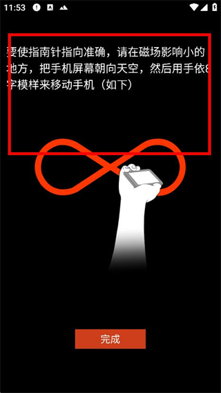 3、按照提示完成操作,点击完成,即可完成指南针校准。
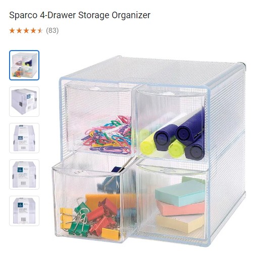 The best comparison I can find comes in a 6″ x 6″ x 6″ variety with multiple options on open boxes, four drawers, or two drawers.
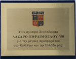 Την Τετάρτη 5 Δεκεμβρίου 2001 ο «Ελληνικός Κόσμος» φιλοξένησε στους χώρους του το Σύλλογο Αποφοίτων του Αμερικανικού Κολλεγίου Ελλάδος. Σκοπός της εκδήλωσης ήταν η απονομή τιμητικής διάκρισης από το Διοικητικό Συμβούλιο του Συλλόγου στον Πρόεδρο του Ιδρύματος Μείζονος Ελληνισμού κ. Λάζαρο Εφραίμογλου και στη Γενική Γραμματέα του Ιδρύματος και απόφοιτη του Pierce College κα Ουρανία Εφραίμογλου για την έμπνευση και δημιουργία του ΙΜΕ. Τους παρευρισκόμενους ενθουσίασε η παρουσίαση των έργων και προγραμμάτων του ΙΜΕ από το Διευθύνοντα Σύμβουλο κ. Δημήτρη Εφραίμογλου. Επίσης, συγκίνηση προκάλεσε η ομιλία της κας Oυρανίας Εφραίμογλου, την οποία εκφώνησε ως ανταπάντηση στην απονομή Τιμητικής Διάκρισης από την Πρόεδρο του Σ.Α.Α.Κ.Ε. Δρ Καίτη Δασίου.
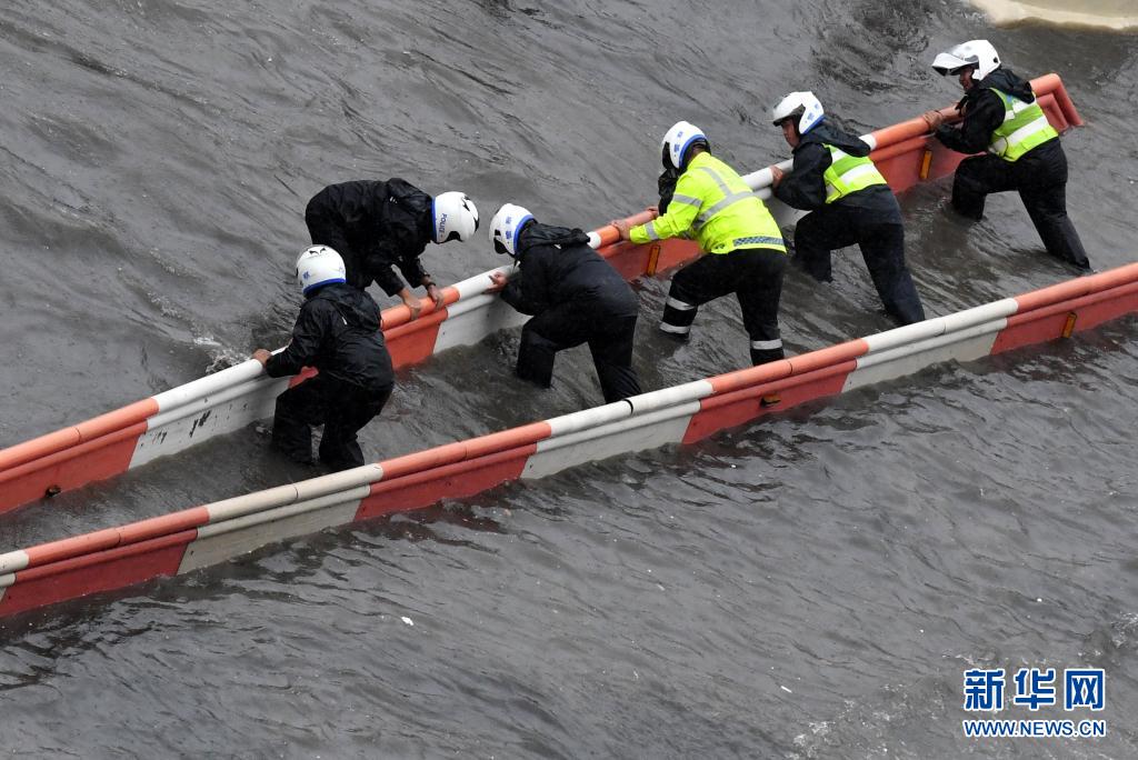 7月20日,交通警察在郑州市花园路冒雨修复交通设施。新华社记者 朱祥 摄
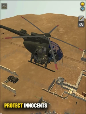 Scenarios and missions will change with each level. In this game you will protect innocent people from evil, attack enemy bases and targets. These targets can be vehicles, helicopters or ammunition depots. Just find the target, focus, hold your breath and release the trigger!
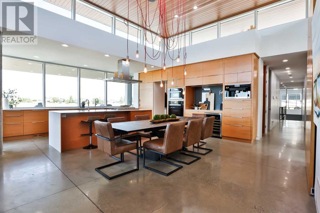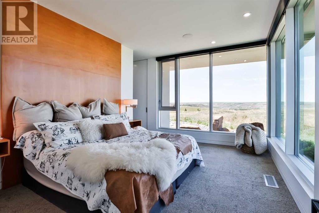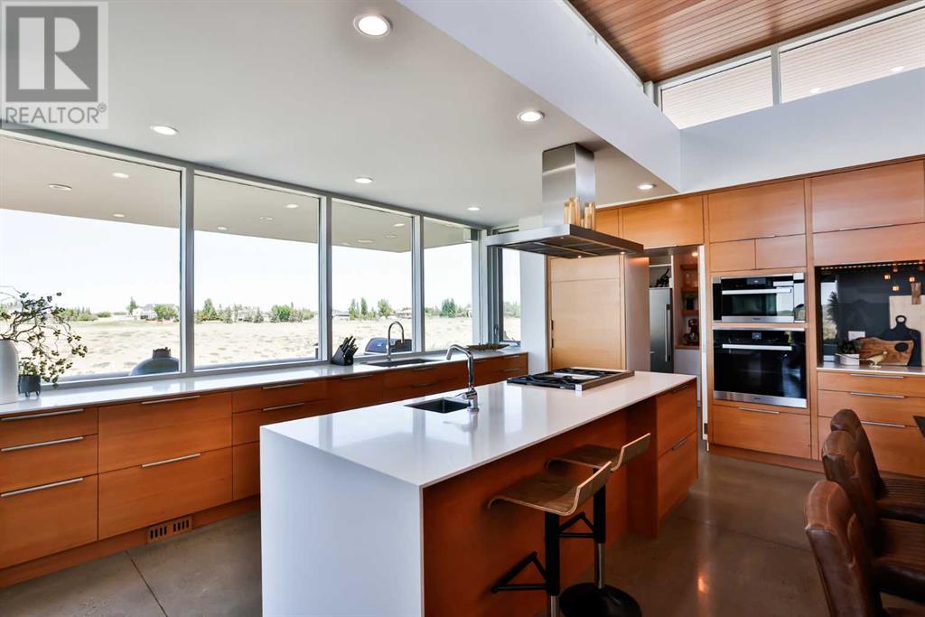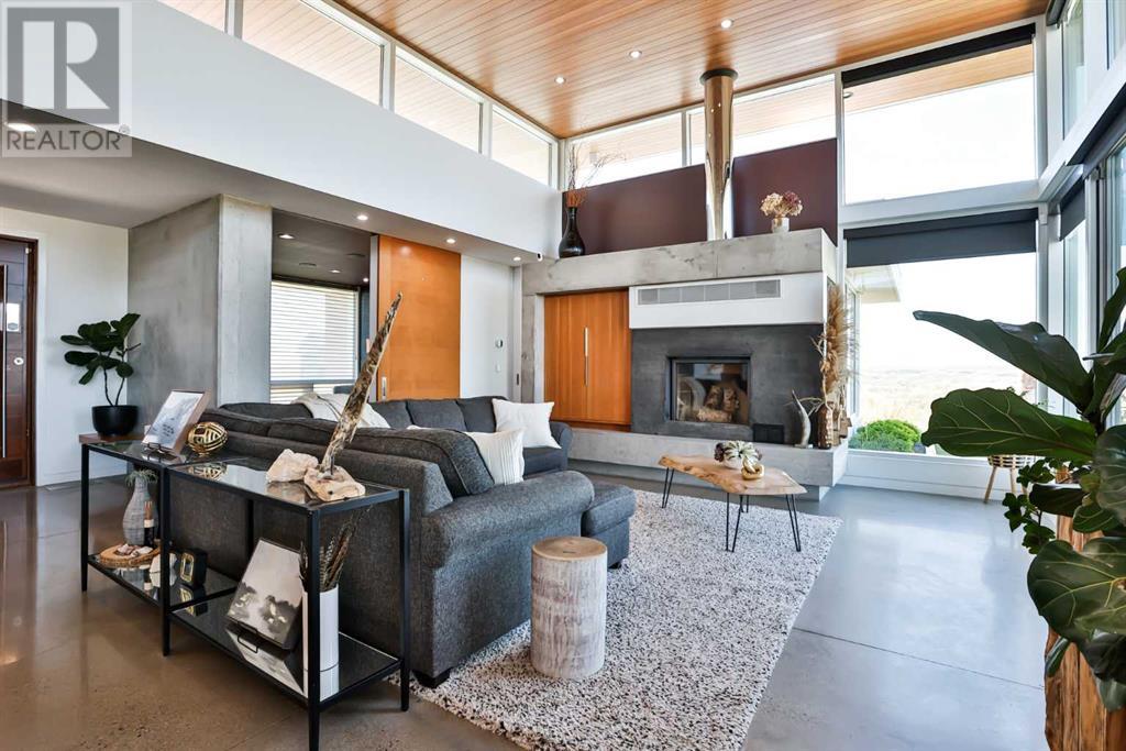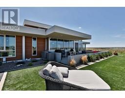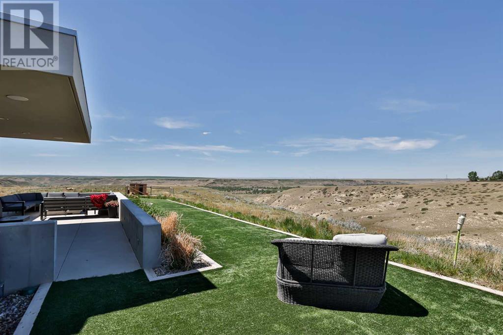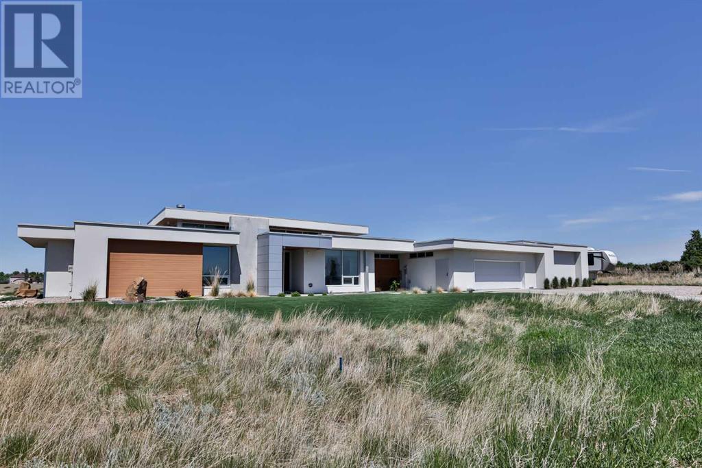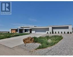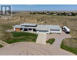 This property is as close to *Selling Sunset* as you'll find in Southern Alberta! This sprawling modern bungalow will capture your attention with the breathtaking view of the coulee in the distance. Stepping through the impressive wood pivot door, you know you're in for a treat. The main floor features 14-foot ceilings, complemented by floor-to-ceiling triple-pane commercial glass windows that will leave you speechless! The open-concept layout seamlessly combines the dining, living, and kitchen areas, with polished concrete floors being warmed by light wood cabinetry. The sleek white, quartz countertops, showcase your kitchen and island area, with windows that create a delightful connection between your indoor and outdoor spaces. The impressive appliance package, featuring a gas cooktop, a cabinet-paneled oversized fridge, a built-in microwave and oven, and a wine fridge. A coffee lover's dream, a built-in Miele espresso machine rivals even the best cafés. A cleverly hidden pantry door adds an extra touch of seamlessness! The living room is anchored by an oversized wood-burning fireplace, transom windows fill the space with natural light. There is an office with stylish floating shelves sits off of the Living room. The primary suite, features floor-to-ceiling windows that wrap the corner, providing spectacular morning & sunset views right from your bed. The walk-around closet is a shopper's dream, while the bright and airy ensuite features double vanities and a luxurious steam shower. Off the kitchen lies a spacious laundry/all-purpose room perfect for sewing or supervising homework while you prepare dinner. In the east wing, you’ll find three spare bedrooms. One has its own ensuite bathroom, while the other two share a Jack and Jill bathroom with a beautifully tiled shower, double vanities, and a skylight that invites natural light. Continuing down the hallway, another floor-to-ceiling glass panel reveals your very own gymnasium, measuring an impressive 32 x 40 fee t with 20-foot ceilings, complete with built-in basketball hoops, pickleball court & 3 wide closet for organizing all your sports gear. Floating wood stairs with striking black railings lead you to the basement living room, perfect for movie nights, and entertaining with your side bar. With large windows typical of a walkout basement, this space feels open and bright, completed by a half bath. Outside the gym exit, is a newly installed large sunken patio that blends with the home’s aesthetic. Complete with double gas fireplaces, a pergola, and oversized hot tub. The main patio off the kitchen features a covered deck, built-in speakers, a gas fire pit, and views that are unmatched in all of Southern Alberta. Equipped with cutting-edge technology, most lights, blinds, heating, cooling, and music can be controlled via a control panel or your phone—an upgrade valued at $100,000! The home also offers both forced air and indulgent in-floor heating. Call your REALTOR® for a private viewing today! (id:28267)
^^^^
__Exercise directions__.
Set down the material above as is, without any pictures.

__Your solution__.
 3、按照提示完成操作,点击完成,即可完成指南针校准。
 The best comparison I can find comes in a 6″ x 6″ x 6″ variety with multiple options on open boxes, four drawers, or two drawers.
 Την Τετάρτη 5 Δεκεμβρίου 2001 ο «Ελληνικός Κόσμος» φιλοξένησε στους χώρους του το Σύλλογο Αποφοίτων του Αμερικανικού Κολλεγίου Ελλάδος. Σκοπός της εκδήλωσης ήταν η απονομή τιμητικής διάκρισης από το Διοικητικό Συμβούλιο του Συλλόγου στον Πρόεδρο του Ιδρύματος Μείζονος Ελληνισμού κ. Λάζαρο Εφραίμογλου και στη Γενική Γραμματέα του Ιδρύματος και απόφοιτη του Pierce College κα Ουρανία Εφραίμογλου για την έμπνευση και δημιουργία του ΙΜΕ. Τους παρευρισκόμενους ενθουσίασε η παρουσίαση των έργων και προγραμμάτων του ΙΜΕ από το Διευθύνοντα Σύμβουλο κ. Δημήτρη Εφραίμογλου. Επίσης, συγκίνηση προκάλεσε η ομιλία της κας Oυρανίας Εφραίμογλου, την οποία εκφώνησε ως ανταπάντηση στην απονομή Τιμητικής Διάκρισης από την Πρόεδρο του Σ.Α.Α.Κ.Ε. Δρ Καίτη Δασίου.
 7月20日,交通警察在郑州市花园路冒雨修复交通设施。新华社记者 朱祥 摄
 Scenarios and missions will change with each level. In this game you will protect innocent people from evil, attack enemy bases and targets. These targets can be vehicles, helicopters or ammunition depots. Just find the target, focus, hold your breath and release the trigger!
 This property is as close to *Selling Sunset* as you'll find in Southern Alberta! This sprawling modern bungalow will capture your attention with the breathtaking view of the coulee in the distance. Stepping through the impressive wood pivot door, you know you're in for a treat. The main floor features 14-foot ceilings, complemented by floor-to-ceiling triple-pane commercial glass windows that will leave you speechless! The open-concept layout seamlessly combines the dining, living, and kitchen areas, with polished concrete floors being warmed by light wood cabinetry. The sleek white, quartz countertops, showcase your kitchen and island area, with windows that create a delightful connection between your indoor and outdoor spaces. The impressive appliance package, featuring a gas cooktop, a cabinet-paneled oversized fridge, a built-in microwave and oven, and a wine fridge. A coffee lover's dream, a built-in Miele espresso machine rivals even the best cafés. A cleverly hidden pantry door adds an extra touch of seamlessness! The living room is anchored by an oversized wood-burning fireplace, transom windows fill the space with natural light. There is an office with stylish floating shelves sits off of the Living room. The primary suite, features floor-to-ceiling windows that wrap the corner, providing spectacular morning & sunset views right from your bed. The walk-around closet is a shopper's dream, while the bright and airy ensuite features double vanities and a luxurious steam shower. Off the kitchen lies a spacious laundry/all-purpose room perfect for sewing or supervising homework while you prepare dinner. In the east wing, you’ll find three spare bedrooms. One has its own ensuite bathroom, while the other two share a Jack and Jill bathroom with a beautifully tiled shower, double vanities, and a skylight that invites natural light. Continuing down the hallway, another floor-to-ceiling glass panel reveals your very own gymnasium, measuring an impressive 32 x 40 fee t with 20-foot ceilings, complete with built-in basketball hoops, pickleball court & 3 wide closet for organizing all your sports gear. Floating wood stairs with striking black railings lead you to the basement living room, perfect for movie nights, and entertaining with your side bar. With large windows typical of a walkout basement, this space feels open and bright, completed by a half bath. Outside the gym exit, is a newly installed large sunken patio that blends with the home’s aesthetic. Complete with double gas fireplaces, a pergola, and oversized hot tub. The main patio off the kitchen features a covered deck, built-in speakers, a gas fire pit, and views that are unmatched in all of Southern Alberta. Equipped with cutting-edge technology, most lights, blinds, heating, cooling, and music can be controlled via a control panel or your phone—an upgrade valued at $100,000! The home also offers both forced air and indulgent in-floor heating. Call your REALTOR® for a private viewing today! (id:28267)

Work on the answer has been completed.